The Education RESET project builds on Phase 1 DIGITAL in a time of Coronavirus project, which analysed how at the onset of the pandemic socio-economic, political and historical conditions reproduced new forms of inequalities through the digital divide and identified instances of creativity and inclusion through remote and hybrid teaching and learning. The RESET project further develops this preliminary analysis along three lines: 

  • First, it will deploy Cultural Political Economy (CPE) as an analytical policy approach to analyse the intersection of contextual, historical, political and economic dynamics that led certain digital strategies to be adopted in each selected country with processes of exclusion of certain educational subjects. 
  • Second, informed by post-structural tools, in particular assemblage theory, and de-ableist and culturally sustainable pedagogies, the project will gather evidence from selected case-studies through focus groups with teachers to explore their experiences of digital pedagogies during the series of lockdowns, and identify the modalities that interrupt the reproduction of exclusion in the wake of the pandemic. 
  • Lastly, it will undertake workshops with children to explore their experiences and desires in relation to technologies and foster children’s development of digital skills. 

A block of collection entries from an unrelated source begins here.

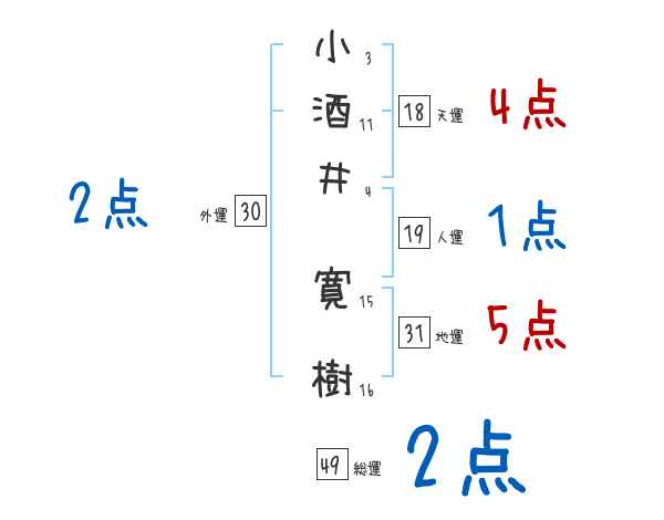 外運![]() | 小酒井寛樹さんの外運は30画の2つ星!浮き沈みの激しさに注意しましょう。 生活面を象徴する運勢です。外部から受ける影響力を表し、結婚運、家庭運や職場、環境への順応性を表します。 |
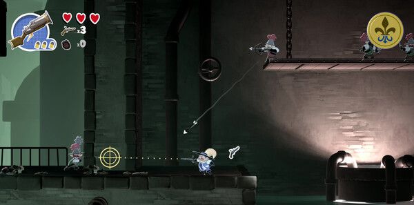游戏采用2.5D横向卷轴视角,以卡通渲染技术呈现法国大革命时期的标志性场景。巴士底狱的砖石结构、蒸汽朋克机械装置与腐化贵族的夸张造型形成鲜明视觉对比。动态光影与粒子效果强化了子弹时间的张力,例如火铳射击时的烟雾轨迹与僵尸喷溅的胆汁特效,均展现出细腻的动画表现力。此外,手绘风格的角色立绘与场景细节(如监狱厨房的油腻铁锅、军械库的锈蚀武器)进一步烘托出游戏的诙谐基调。
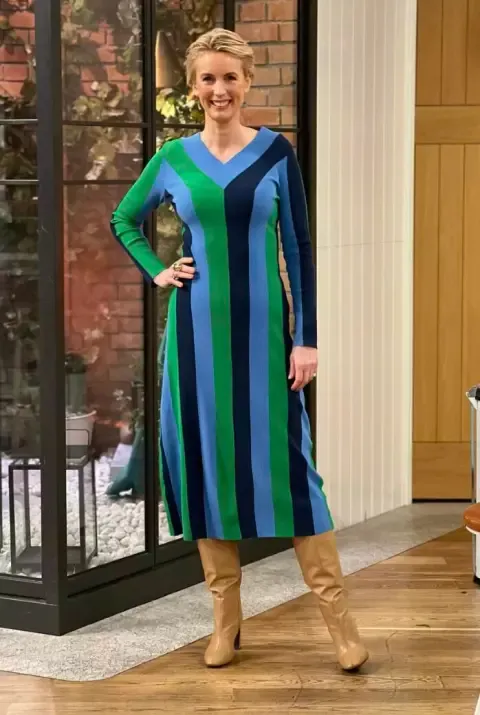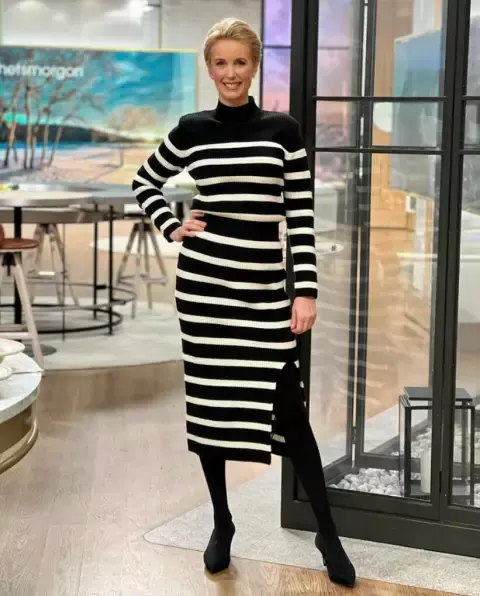 O víkendu překvapila Jenny diváky svěžím modelem s proužkovaným úpletem a výstřihem do V v pořadu Nyhetsmorgon.
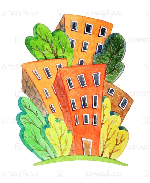 Красные дома. Акварель
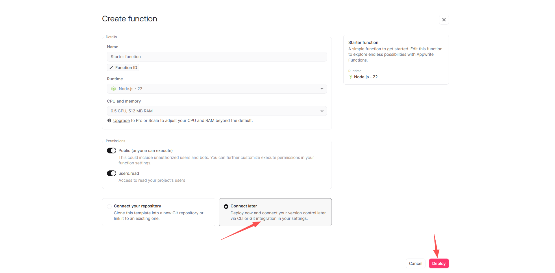 5、名字随便取,其他的保持默认就好,然后最下面选择Connect later,然后点击Deploy
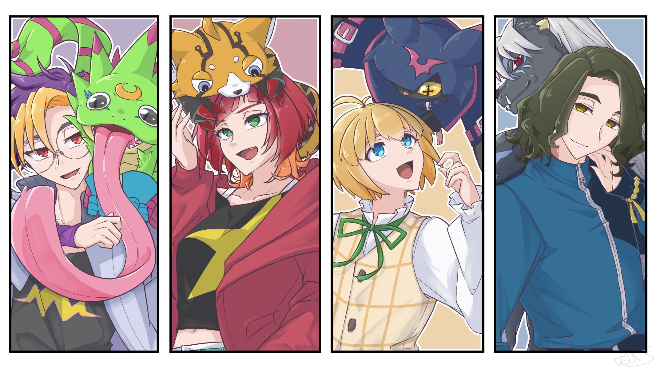 black_fur chiropmon claws digimon digimon_(creature) digimon_beatbreak gekkomon haribuchi jacket kuonji_makoto multicolored_fur murasamemon orange_fur pristimon sakuya_reina sawashiro_kyo short_hair star_(symbol) tail tenma_tomoro white_fur
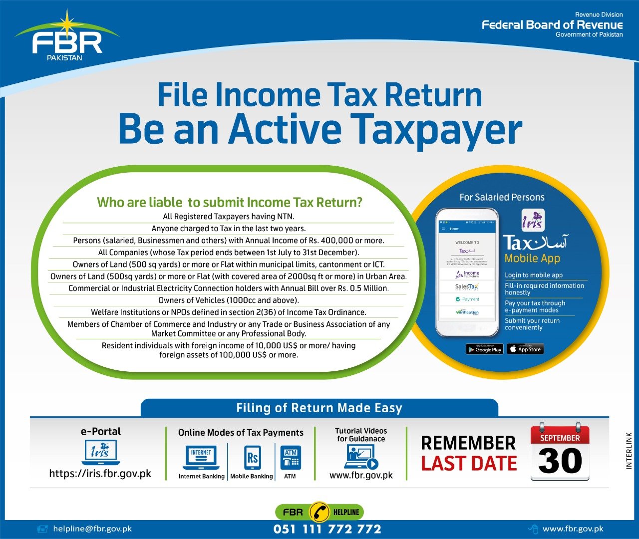 How to submit income tax return fbr. If you can feel any problem then contact me and i will make you filer in rs. 0308 4121499 for help and further details. To facilitate taxpayers fbr has introduced a simplified wizard based income tax return filing mechanism as a new feature of tax asaan mobile application. After registration you can log into iris and file your income tax return.
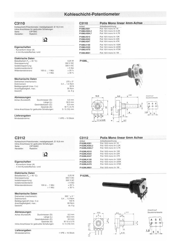 Potencjometr węglowy Radiohm logarytmiczny Bushing M10x0,75 ośka 6mm, dł. 50mm plastyk, szer. 16,8mm, wys. 20,9mm + piny 3,6 mm, raster pinów 5mm; kąt 270 stopni; 0,12W; tol. 20% Rezystancja 4,7 kohm Minimalna ilość 10 sztuk, sprzedajemy tylko jako wielokrotność 10 sztuk
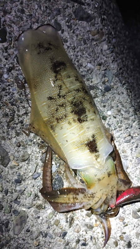 気が付けば・・・3年ぶりのアオリイカ! まずまずのサイズで、ちょっと焦りましたが何とか捕獲成功。気持ちいいジェット噴射も味わえて、めちゃめちゃ嬉しかったです。
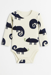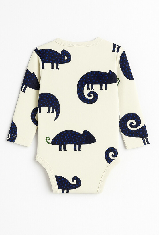 Body niemowlęce z printem kameleonów to idealny wybór dla wszystkich małych odkrywców. Wykonane z miękkiej, oddychającej bawełny, zapewnia dziecku komfort przez cały dzień — zarówno podczas zabawy, jak i drzemki. Długi rękaw chroni przed chłodem, a praktyczne zatrzaski na ramieniu oraz w kroku ułatwiają szybkie przebieranie. Zabawny wzór kameleonów w kontrastowych kolorach dodaje całości energii i świetnie sprawdzi się w codziennych stylizacjach. Funkcjonalne, wygodne i pełne uroku — to body szybko stanie się jednym z ulubionych w niemowlęcej garderobie.
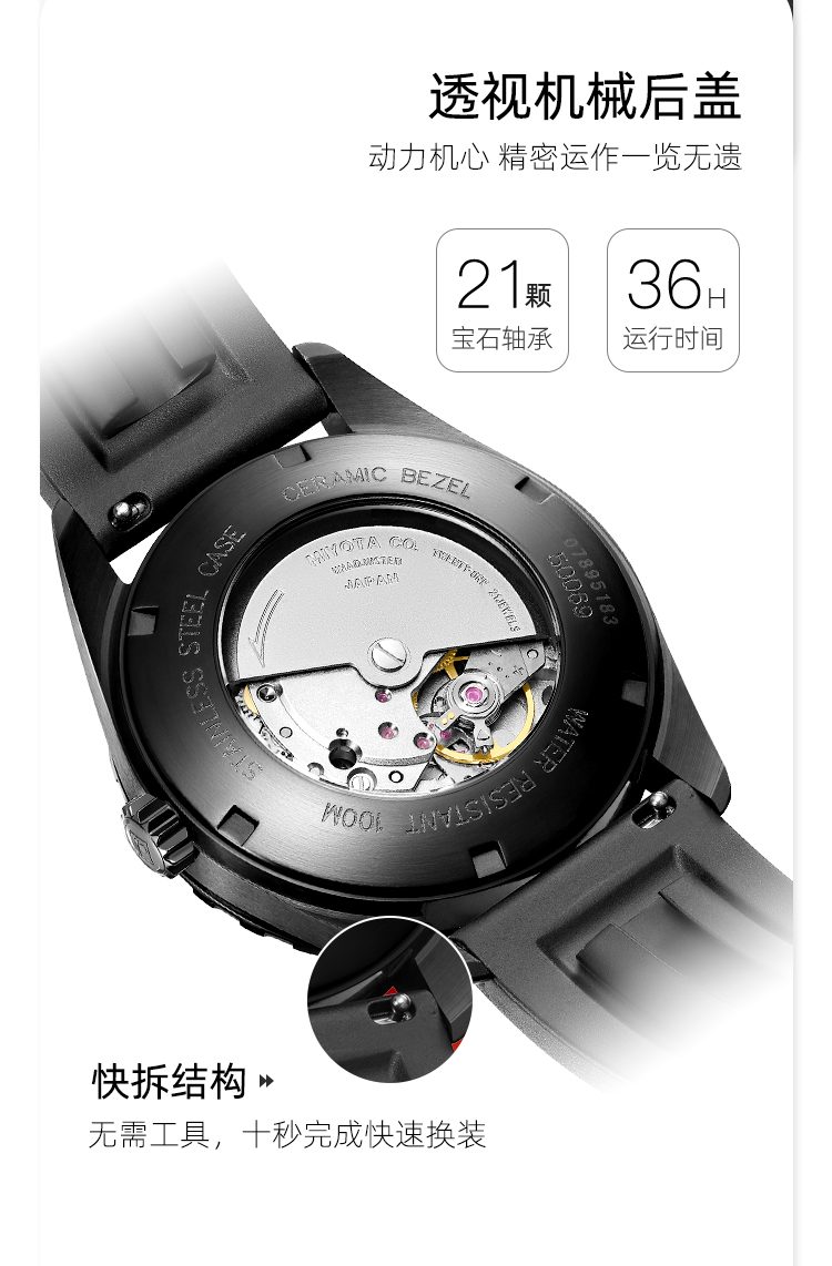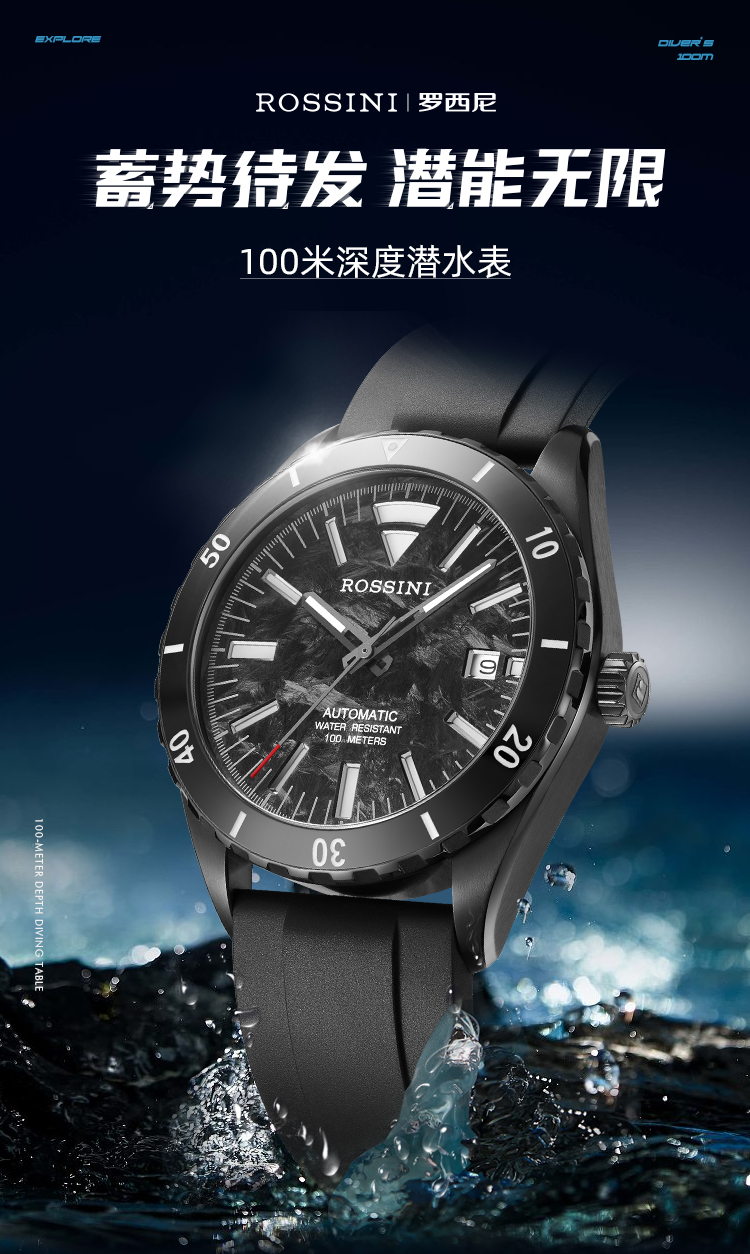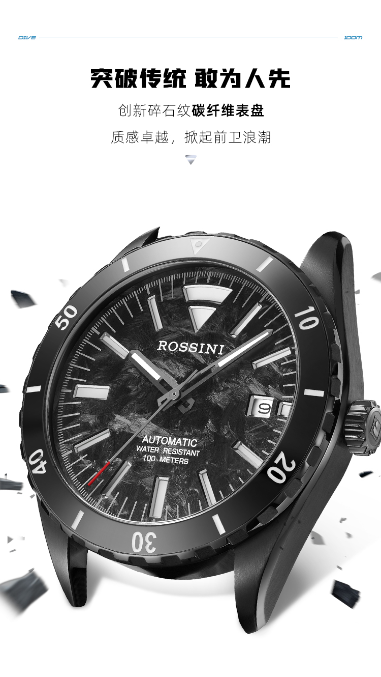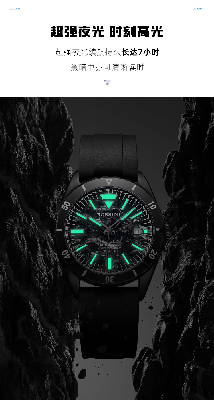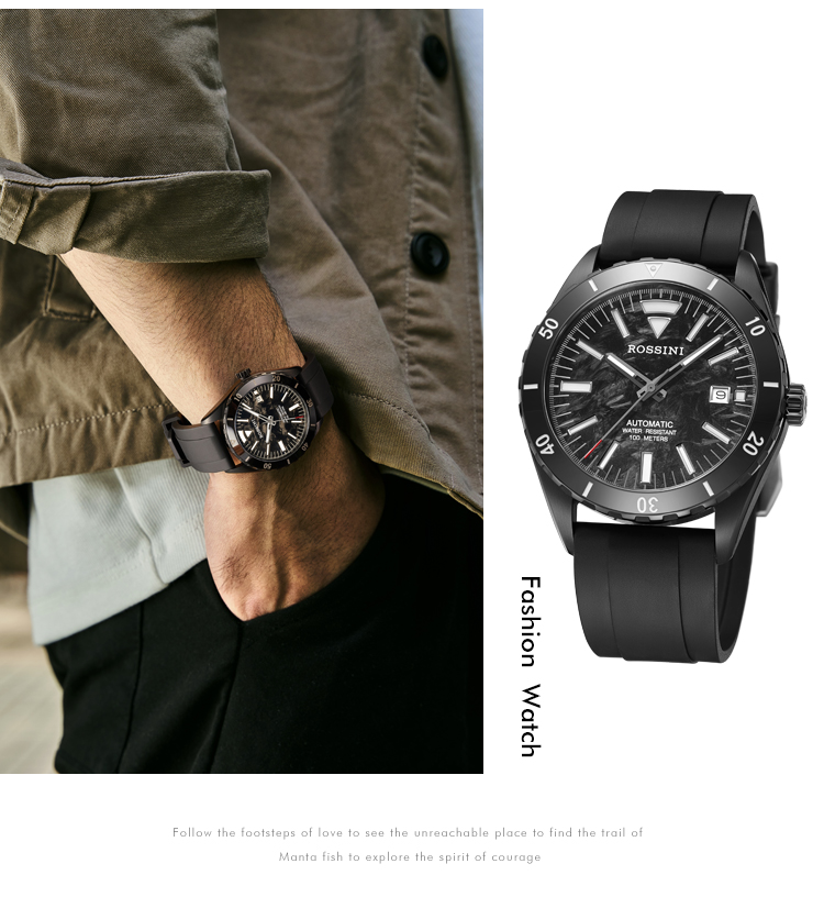 Rossini罗西尼 机械手表黑盘硅胶带时尚运动男表50069B04D(赠表带)(单位1块) 黑色
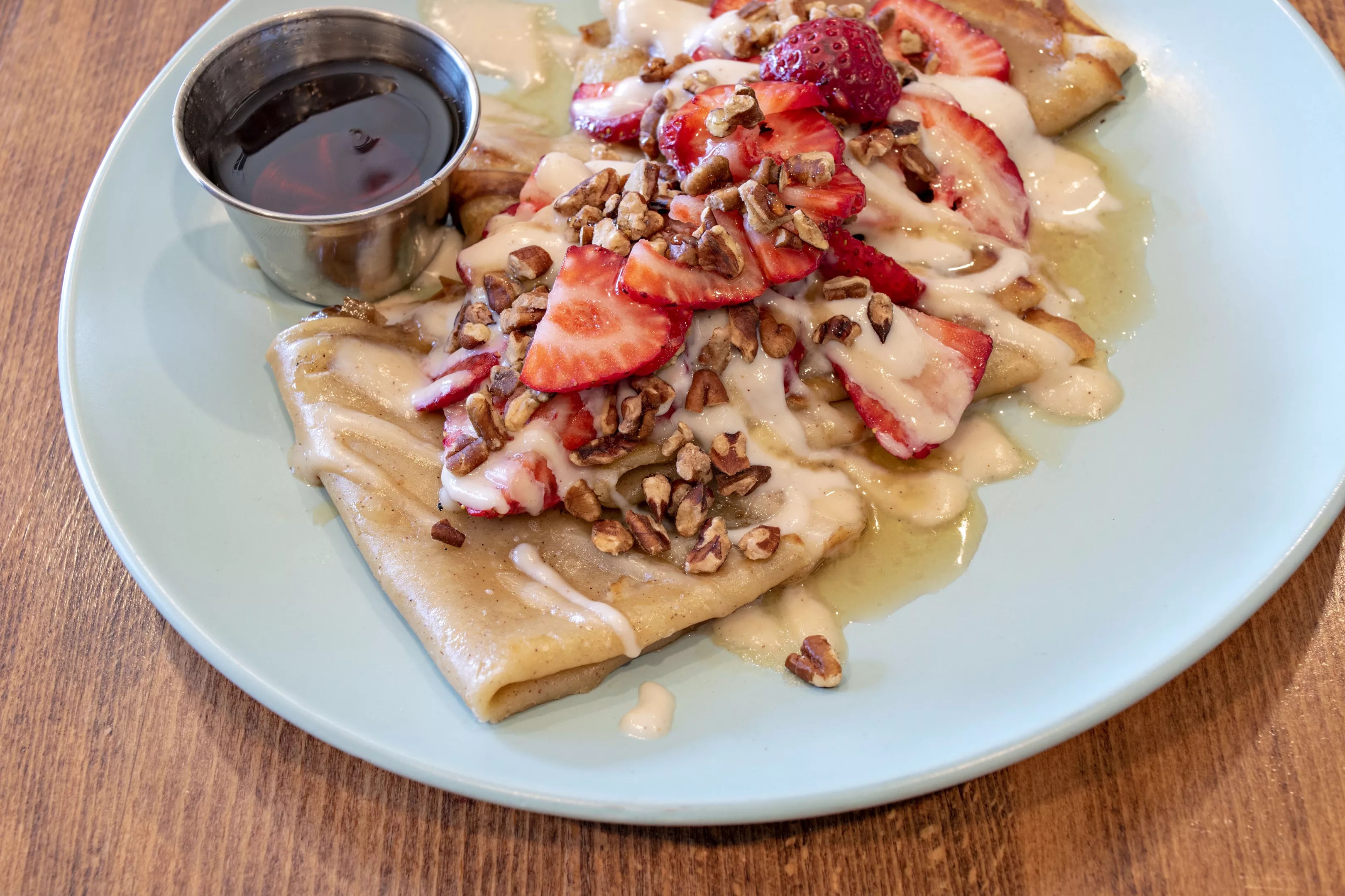 French-style crepes, another breakfast option, look similarly appetizing. Perez dials up this “Napoleon meets conquistador” concept of soft, overlapping chevrons with a shower of cut strawberries and broken pecans. Tres leches crema that emulates the milk-sopping cake dampens the top, bringing faint notes of caramel, cinnamon, and vanilla. This small-but-mighty plate brings something new and Southwestern, yet all the warm comfort you want when ordering crepes in the first place.

The study will produce internationally relevant outcomes to inform teachers’ ways of working with digital technologies that are inclusive and decolonialised; contribute to countries’ policy agenda drawing upon children’s future digital expectations and educational desires; and revise definitions of educational ‘inclusion’ informed by the advent of digital and non-digital technologies that are context-relevant and pedagogy-appropriate.

Further resources from DIGITAL and RESET projects

Interviews and media 

Interview for University of Birmingham research spotlight  

Interview for University of Birmingham Quest 

YTL Foundation webminar, Mental health and wellbeing in education

DIGITAL in the time of Coronavirus (Diversifying Inclusion and Growth: Inspiring Technologies for Accessible Learning) 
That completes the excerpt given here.